Strong Leadership Needed

To prevent immediate and long-term injurious impact on our clandestine capabilities, we should continue to deny in full documents which cannot otherwise be sanitized in such a manner as to protect our equities. In most cases, satisfactory sanitization will at a minimum, entail deletion of specific reference to CIA, as well as references and/or inferences which identify sources and methods, liaison relationships, and so forth.

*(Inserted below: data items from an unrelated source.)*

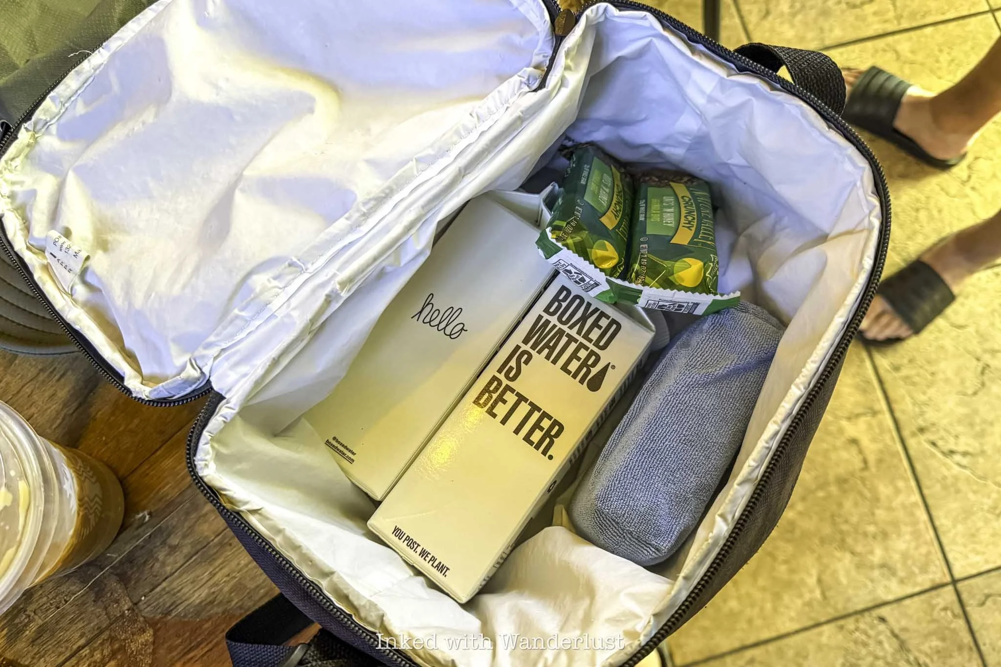 In the goodie sack you’re given you’ll find two boxes of water, a couple Nature Valley granola bars, and a towel to use to wipe the sand out of your clear kayak. Not sure if these are the exact items given every time, but that’s what was given to my Dad and me.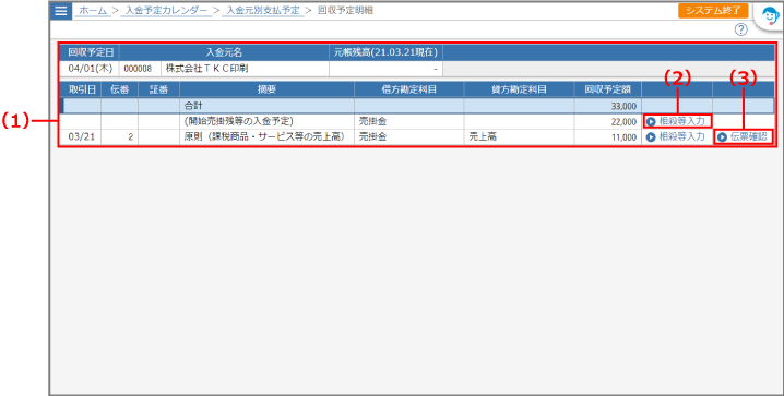 回収予定日、入金元名、元帳残高が表示されます。また、該当する回収予定日、入金元の予定明細が表示されます。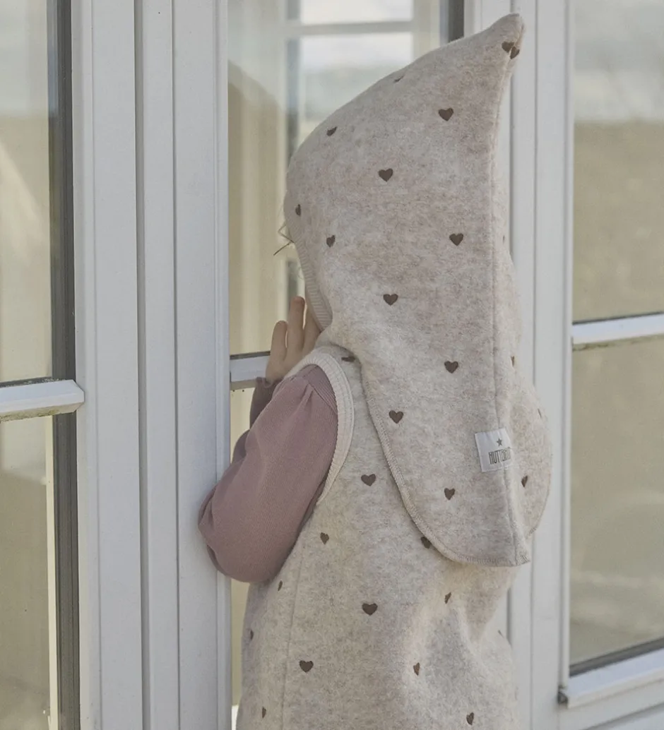 Charmerende Huttelihut elefanthue af lunt uldfleece i en meleret beige med små, brune hjerter. Huttelihut elefanthuen har en spids hovedform og består af to lag. Den har en rund åbning til ansigtet og en blød ribkant, der giver en god pasform.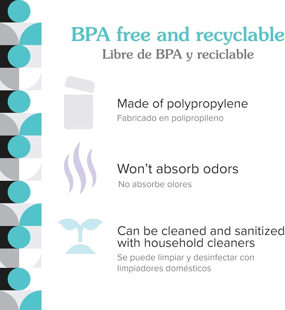 MADE OF POLYPROPYLENE: BPA free. Won't absorb odors. Can be cleaned and sanitized with household cleaners. And recyclable!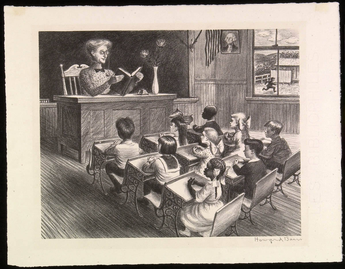 DescriptionInterior scene of an old school house. At the front of the class the teacher sits at her desk and reads to the children who sit with their hands folded on their desks.Copyright© Estate of Howard Baer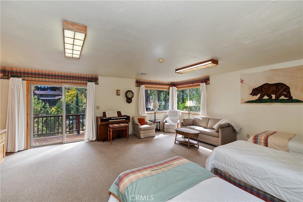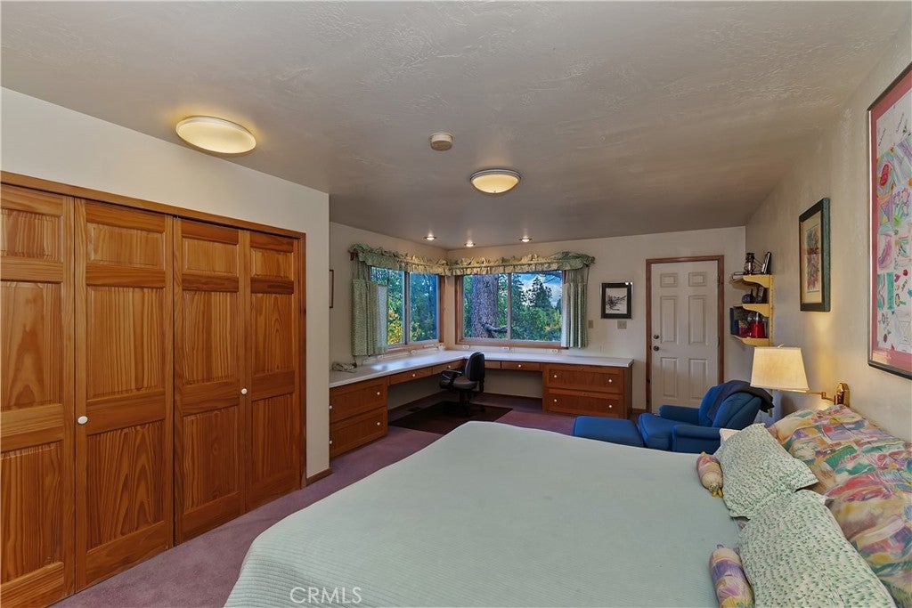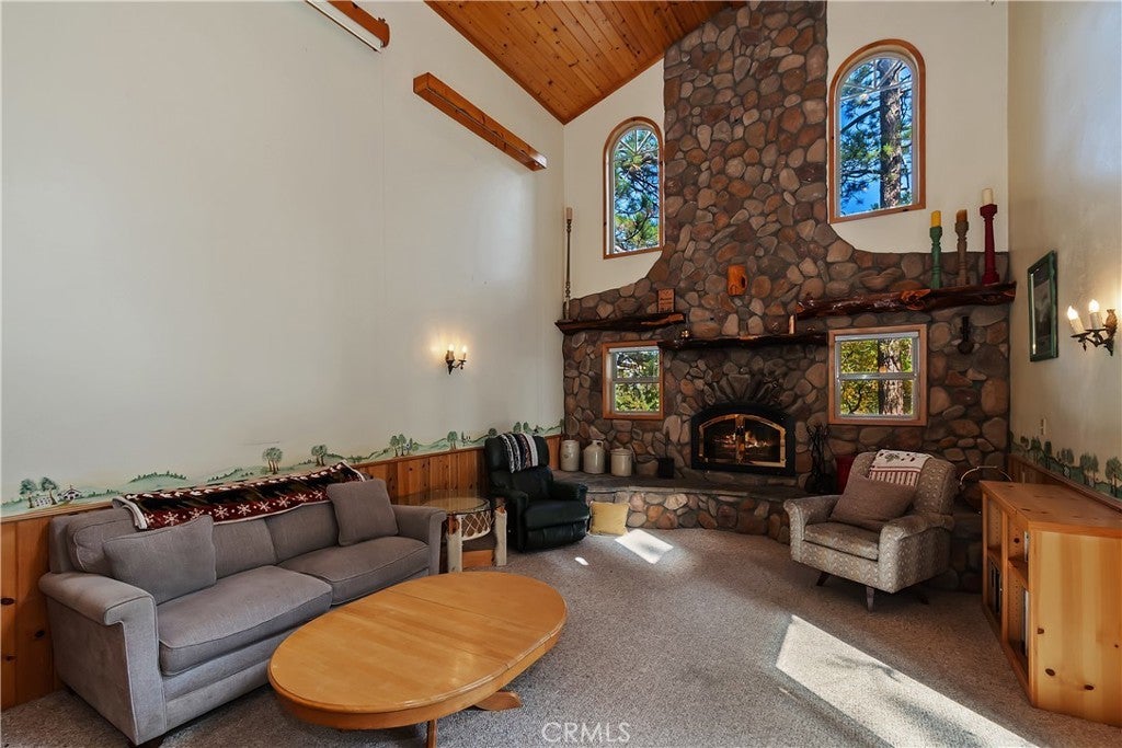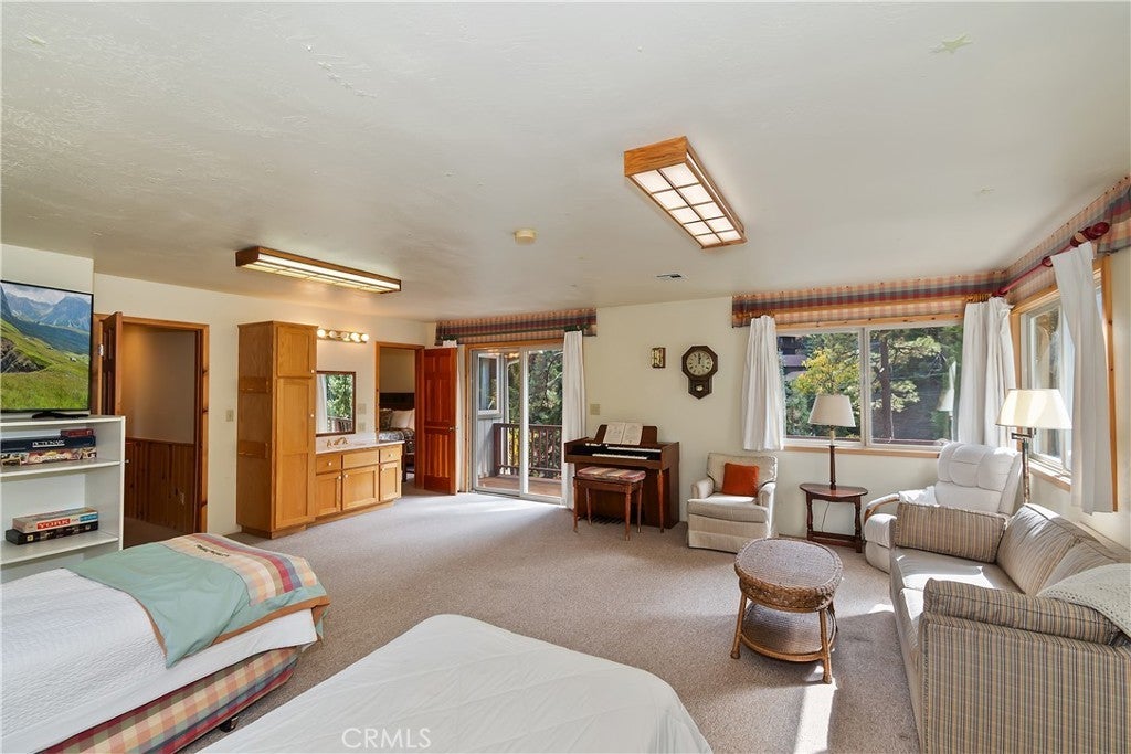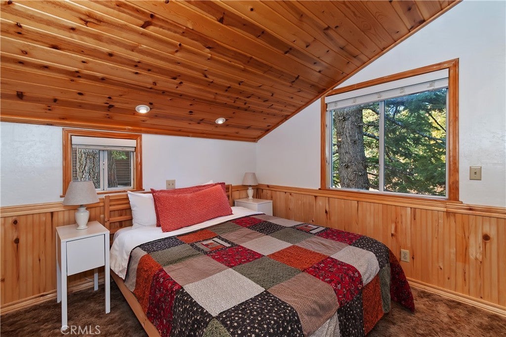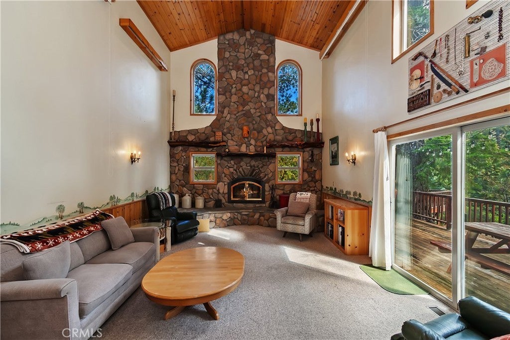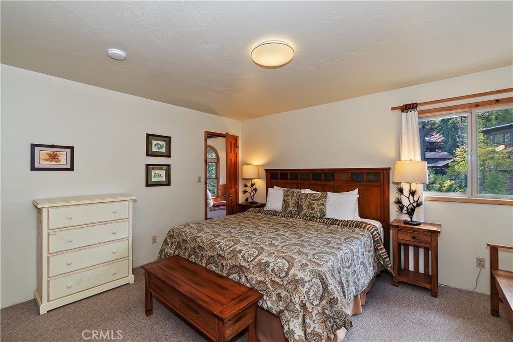 Up the San Bernardino Mountains you will find a charming town called Big Bear ~ Though small for its size, this town boasts a large lake, The Village and two resorts for skiing, snowboarding, hiking, mountain biking and all manner of recreation ~ Perched above the Village, while still within walking distance to it, you encounter this wonderful home ~ On 40,000 sq. ft., just shy of a full acre, is this 5 bedroom, 2.5 bathroom escape ~ It also has a detached guest house with it's own bedroom and bathroom ~ As you pull up to the property you will immediately fall head over heels with the setting ~ The long flat driveway leads you deeper onto the property where you find your home sitting on top of the hill like a monarch upon their throne ~ Your well treed land gives you the ultimate illusion of seclusion, making you feel as though you are alone in the forest ~ The outdoors gives you plenty of areas to relax from your front deck, firepit or your own lookout ~ As you enter you will absolutely love the floor to ceiling, and wood burning, rock fireplace in the Great Room ~ This is the ideal area to spend quality time with your loved ones creating lifelong memories together ~ The kitchen is open to the Great Room and has the cutest dining area you could wish for ~ Also on the main floor you have the master bedroom with peek-a-boo lake views, the laundry room with 1/2 bathroom and interior access to the garage ~ Upstairs you will find a large bedroom, above the master, that also has lake views, along with 2 more bedrooms, a large family room that is currently being used as the 5th bedroom and the second bathroom ~ The second bathroom is it's own work of art ~ The detached guest house is the perfect little cottage to add to this home's allure ~ Across the street from the National Forest, walking distance to the Village, 5 minutes to the lake, 8 minutes to the ski slopes and room to gather all your loved ones together under one roof! What are you waiting for?

More than theory or lip service will be required to make this work. Unfortunately, the DO, despite being the Directorate most affected, has not become fully engaged at the senior management level. This may be partially explained in terms of what is commonly referred to as the "DO culture." Here, that phrase is used to refer to a cultural disdain for other than clandestine operations. Such an admirable focus may be too narrow to meet successfully the challenge of the era of openness. Only those who have had sufficient experience to understand and appreciate the nuances can truly judge the impact of lapses in the protection of the basic tenets of the craft. It is therefore incumbent on the DO leadership to recognize the seriousness of the current assault on its core values and to devote the same measure of dedication and imagination to protecting those values as it does to traditional operations. We can and should embrace openness. Senior Agency management must, however, set the parameters of intelligence information release to safeguard the future effectiveness of the CS.


N. Richard Kinsman served in the Directorate of Operations, and from 1997 to the present has assisted in declassification programs.